The ambiguity here is unfortunate because they say required here, but don't use the keyword MUST.

Section 6.3 says

> A message is considered "complete" when all of the octets indicated by its framing are available.

So in your scenario, the first response is complete, and so the caching behavior does not conflict with the spec.

In the scenario I propose, 200 is less than the 400 requested, so it's incomplete. The cache is permitted to retain the smaller request, and return bytes that fall exclusively within, but like I said, I don't think it's free return 200 octets when 400 are requested. If it was why would it make the other statements?

I do think the cache is allowed to retain, and respond for the 200 bytes. I don't think it's free to ignore the header updates, nor do I think it's free to return half the requested bytes in lieu of extending the existing cache.

> 200 is less than the 400 requested,

That's irrelevant.
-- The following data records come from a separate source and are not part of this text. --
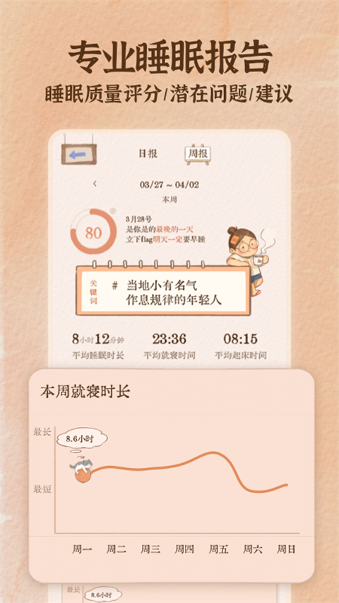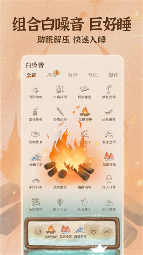 【自由搭配丰富白噪音 分分钟入眠】 优质白噪音支持多款搭配方式,风、篝火、雨、流水、鸟鸣、虫鸣声打造你的专属睡前氛围,让你逃离浮躁都市,更快入睡,改善睡眠质量。首页灵动可爱的触发式环境白噪音彩蛋,等你破解。 【鼾声梦话记录 专业睡眠质量报告】 监测你的睡眠周期,分析深睡浅睡占比,输出专业可视化睡眠分析报告,让您更好的了解自己的睡眠质量及健康状况,并提出相应睡眠改善建议和健康风险提示。 【世界公认快速入睡法 总有一款适合你】 3分钟入睡练习,让睡意自然发生。 美国海军两分钟入睡法、YogaNidra古印度入睡、Savanna催眠术、烦躁失眠练习、压力型失眠练习、腹式呼吸助眠... 【专属睡眠改善计划,告别失眠】 根据不同失眠原因,用心打造21天针对性睡眠计划。从失眠根源出发,结合美国医师学会认证的CBT-I,打造一套在家轻松执行的一线睡眠改善方案。 【坚持早睡 做时间的主人】 只需设定一个有挑战性的就寝、起床时间目标,每日达成你设置的目标,就可以在小院领养到可爱又治愈的流浪猫。 【沉浸时刻打造,提高专注】 “专注力已经成为了这个时代非常稀缺的心理资源”。 多个沉浸式环境营造,挑选属于自己的专注环境,提升专注力,高效学习、办公。更新日志
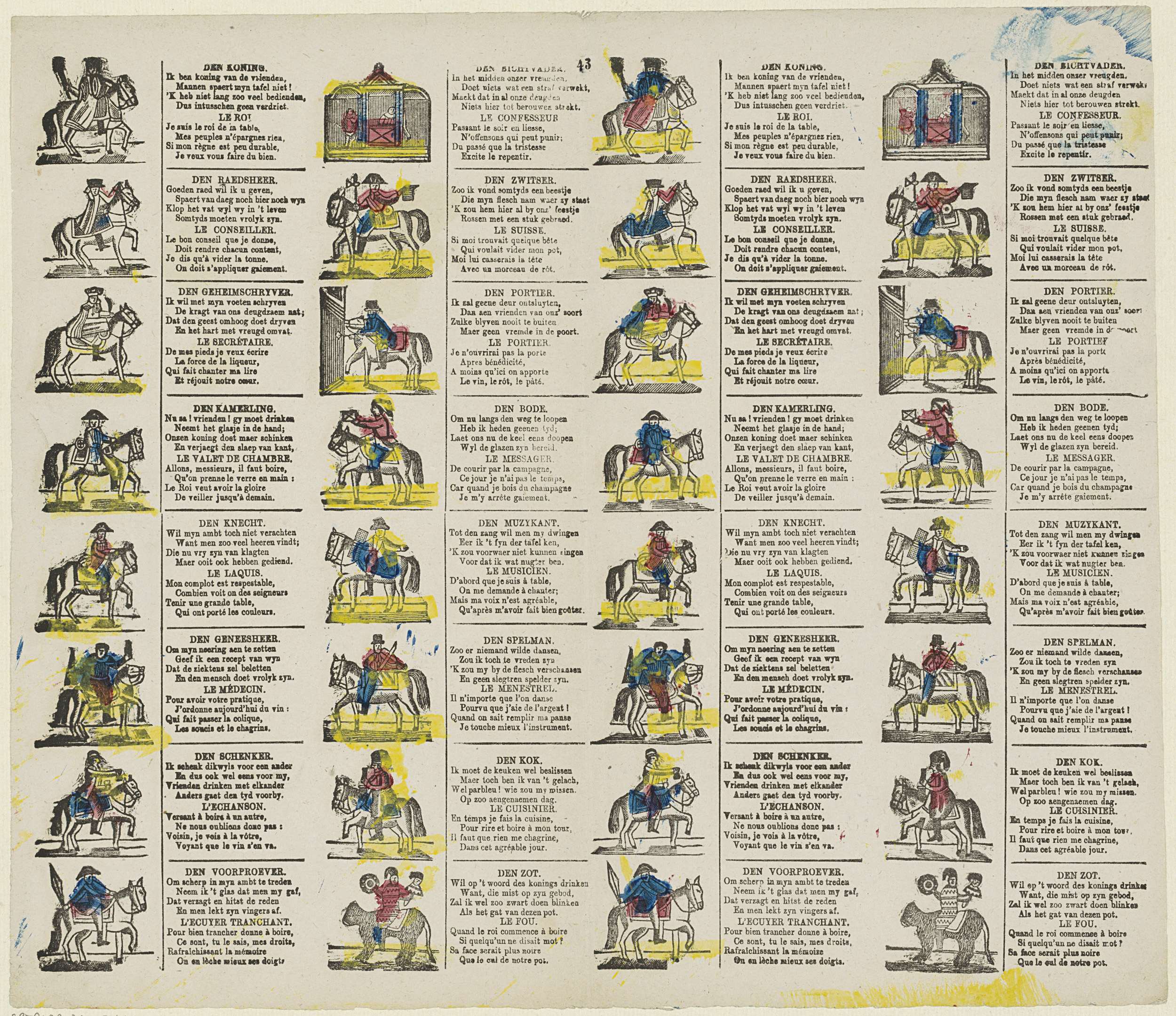 Blad met 32 voorstellingen (driekoningenbriefjes) van verschillende functies binnen het hof, waaronder een raadsman, een proever en een portier. Rechts naast elke afbeelding een vierregelig vers in het Nederlands en in het Frans. Genummerd midden boven: 43.
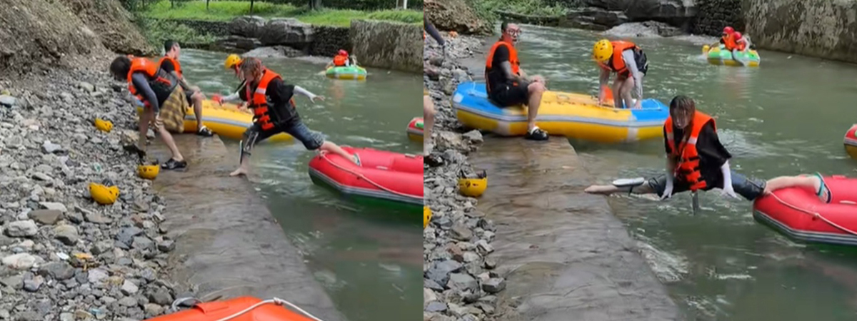 ผู้ใช้ TikTok @vitaminnchill.tv ได้เผยภาพนาทีนักท่องเที่ยว กำลังลงจากเรือชูชีพ หลังเสร็จภารกิจล่องแพ แต่กว่าจะลงได้ แทบปรับโฟกัสไม่ถูก ไม่รู้จะมองใครก่อน ต่างคนต่างผลัดกันแย่งซีน คนตกน้ำไม่เท่าไร มาพีคตรงคู่ที่ 3 นี่แหละ อยากรู้เหลือเกินว่าพี่ทำอะไรของพี่น่ะ
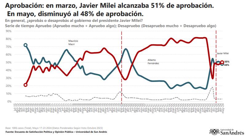 Una nueva encuesta sobre satisfacción política realizada por la Universidad de San Andrés (UdeSA) a la que accedió El Cronista muestra que el 50% de los consultados desaprueba la gestión del gobiernode Javier Milei,a casi seis meses de su asunción. Mientras que el 48% lo aprueba.
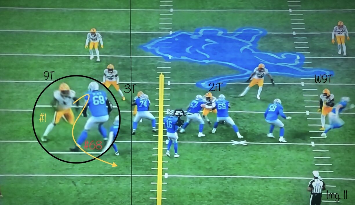 Questa situazione dovrebbe favorire “l’uno contro uno” sia del “DT” ma soprattutto di Parsons (#1) contro Decker (#68), con il “double team” sul lato opposto nei confronti del “DT” in “2iT”. [Immagine 11 sotto]
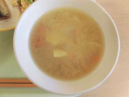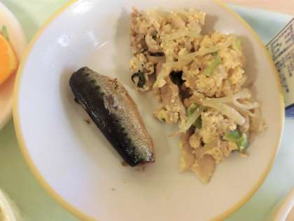 子どもの頃、里いもは苦手でしたが、年をとるにつれて食べられるようになり、今は大好物です。今日のいものこ汁に入っている里いもはやわらかくてとてもおいしいです。卵とチンゲンサイの炒め物は、本来なら主菜としてお椀に入っているメニューじゃないかと思うほどボリュームがあり美味しいです。
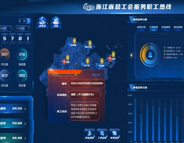 以“智”促质,以“智”提效,浙江省职工服务中心的创新不止于此。依托大数据分析,“12351”构建了红橙黄三色预警体系,对新业态劳动纠纷、群体性劳资纠纷、信访舆情等共性风险进行深度挖掘和提前预警,成功实现从“解决一件事”到“解决一类事”的跃升。
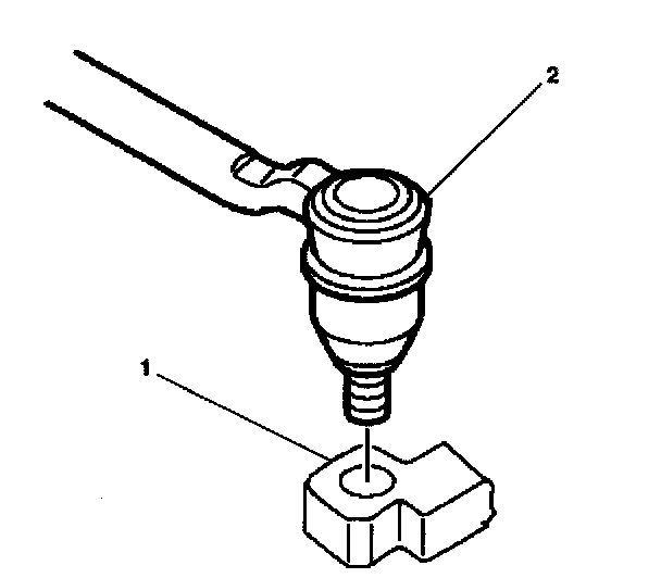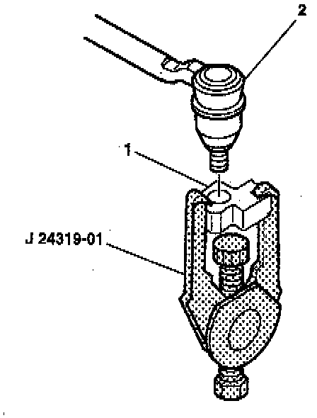 3. Remove the outer tie rod assembly (2) from the steering knuckle (1) using J 24319-01.
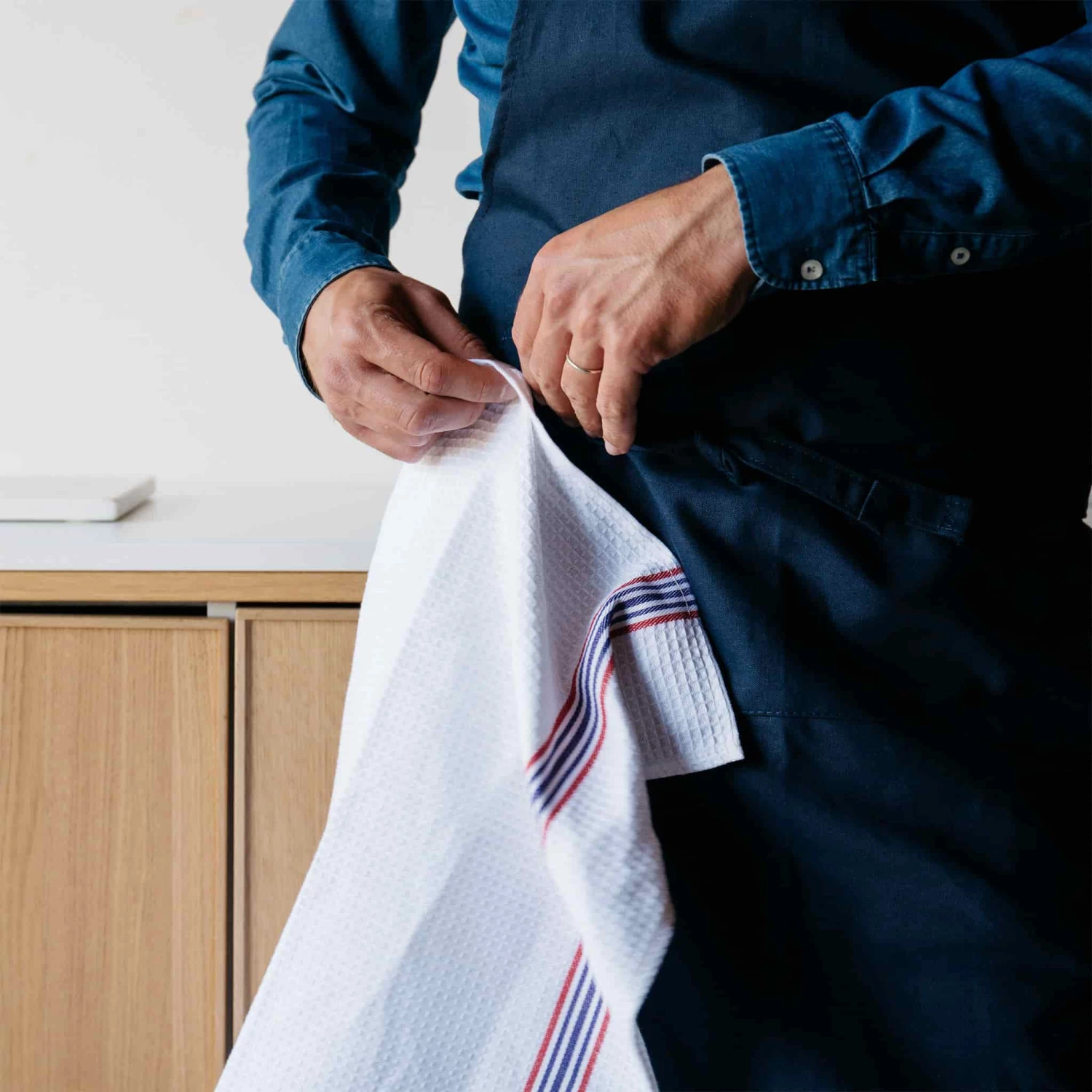Andree Jardin’s cotton hand towel for aprons is a large cloth, measuring 50x50cm. It’s the perfect thing to tuck into the straps of your apron, for taking hot pans out of the oven, or wiping down small splashes and spills.
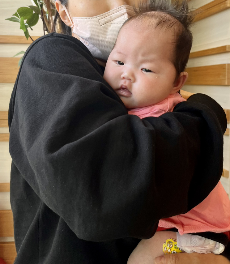 어른어른 엄마의 위로가 많이 닿았는지. 오늘 여러 접종을 맞았지? 주사가 막 들어갔는데 어떻게 컨디션이 괜찮나 모르겠다. 열이 조금씩 나고 있어서 공청기와 부채로 체온을 내리고 있어. 그래도 잘 버텨주는 거 같아 고맙다 우리 딸!
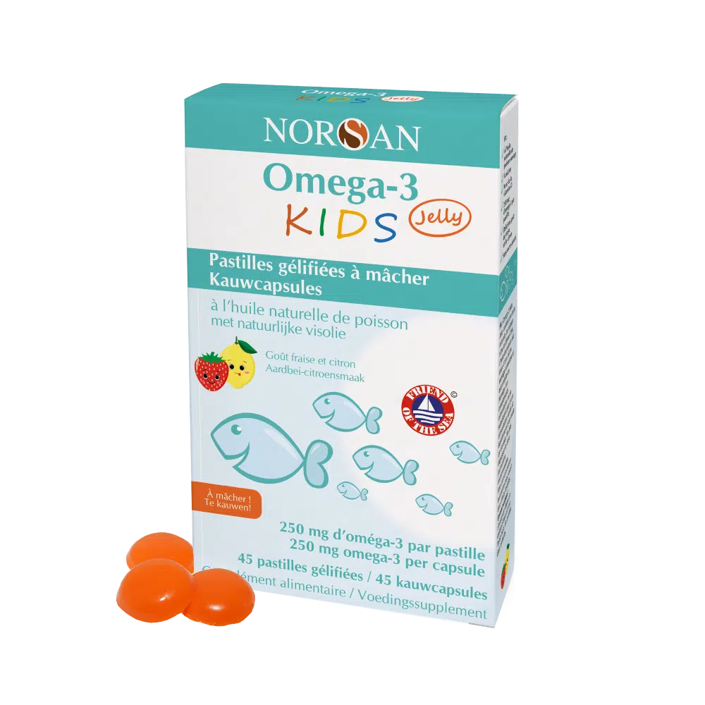 Les deux acides gras marins EPA (acide eicosapentaenoïque) et DHA (acide docosahexaenoïque) sont importants pour le bon développement mental et physique d’un enfant. En outre, les problèmes de concentration peuvent être compensés par un taux suffisant d’oméga-3 dans l’organisme. C’est pourquoi Omega-3 KIDS Jelly contient l’huile de poisson NORSAN riche en acides gras oméga-3 marins EPA & DHA.
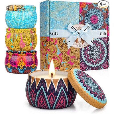 Candles Gifts for Women - 4x3.5oz Scented Portable Travel Tin Christmas Aromatherapy Candles
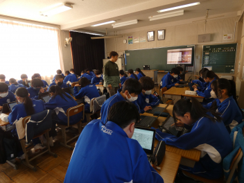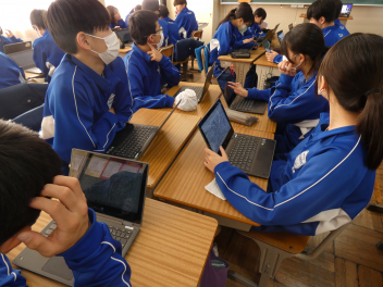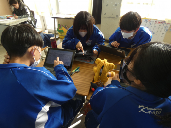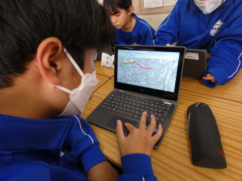 各クラスでそれぞれがタブレットを用い、*DIG(Disaster Image Game)を行いました。

Otherwise, requests for 400 bytes against a resource that is actually only 200 bytes long would never be considered complete and would be disallowed to be cached.

TIL, the HTTP RFC explicitly allows range end to exceed the length of the content:

https://www.rfc-editor.org/rfc/rfc9110#name-byte-ranges

> The Netlog looks scary because it not only contains the traffic while I reproduced the bug but also 1) all traffic from the Chrome plugins and 2) many websites that I have browsed before but haven’t visited during the recording

Isn't that a fantastic use for a 2nd Chrome Profile or even just downloading a Chromium build[1] and using that, showing the behavior in a bleeding edge build?

1: https://download-chromium.appspot.com/

I was also pretty surprised when the OP said "the Chromium team refused to use my server to reproduce the bug", when the actual comments of the ticket were "clone this repo and run my giant node app" and the tester's response was "It seems a bit difficult to set up an build environment to run the static server, could you provide a more minimal repro case?". OP's description of the tester's reasonable concerns seems very unfair.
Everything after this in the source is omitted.